Search code examples
rweb-scrapingnlp

Remove specific string or blank member from character vector


I am scraping https://www.transparency.org/news/pressreleases/year/2010 to retrieve header and details from each page. But along with header and details a telephone number and a blank string is coming in the retrieved list for every page.

[1] "See our simple, animated definitions of types of corruption and the ways to challenge it."
[2] "Judiciary - Commenting on Justice Bean’s sentencing in the BAE Systems’ Tanzania case, Transparency International UK welcomed the Judge’s stringent remarks concerning BAE Systems’ past conduct."
[3] " "
[4] "+49 30 3438 20 666"

I have tried with following codes but they didn't worked.

html %>% str_remove('+49 30 3438 20 666') %>% str_remove(' ').

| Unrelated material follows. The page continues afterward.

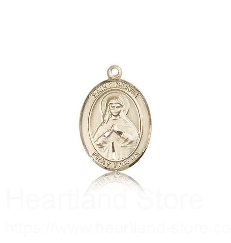 This St. Olivia Pendant is made of 14 Karat Gold and is approximately the size of a nickel. The jewelry pendant is sold individually and does not come with a chain. All medals are gift boxed in a beautiful blue velvet hinged jewelry gift box.

How these elements can be removed?


Solution

  • In case you want to drop all lines that start with a + and end with a number:

    dd <- c(
     "See our simple, animated definitions of types of corruption and the ways to challenge it."
    , "Judiciary - Commenting on Justice Bean’s sentencing in the BAE Systems’ Tanzania case, Transparency International UK welcomed the Judge’s stringent remarks concerning BAE Systems’ past conduct."
    ," "
    , "+49 30 3438 20 666")
    
    c <- dd[!grepl("^\\+.*\\d*$",dd)]
    

    You can also use \\s (one empty space) and \\d{2} (2 numbers) to have an exact match, to be on the safe side, if all numbers have the same format. Note that you can also use it in str_remove, with the end result beig an empty string. grep instead returns as logical vector that subsets your string.

    If you want to delete also all empty lines

    dd[!grepl("^\\s*$",dd)]
    

    Note that you can do both at the same time by using "|":

    dd[!grepl("^\\+.*\\d*$|^\\s*$",dd)]
    

    You can get familiar with regex here: https://regex101.com/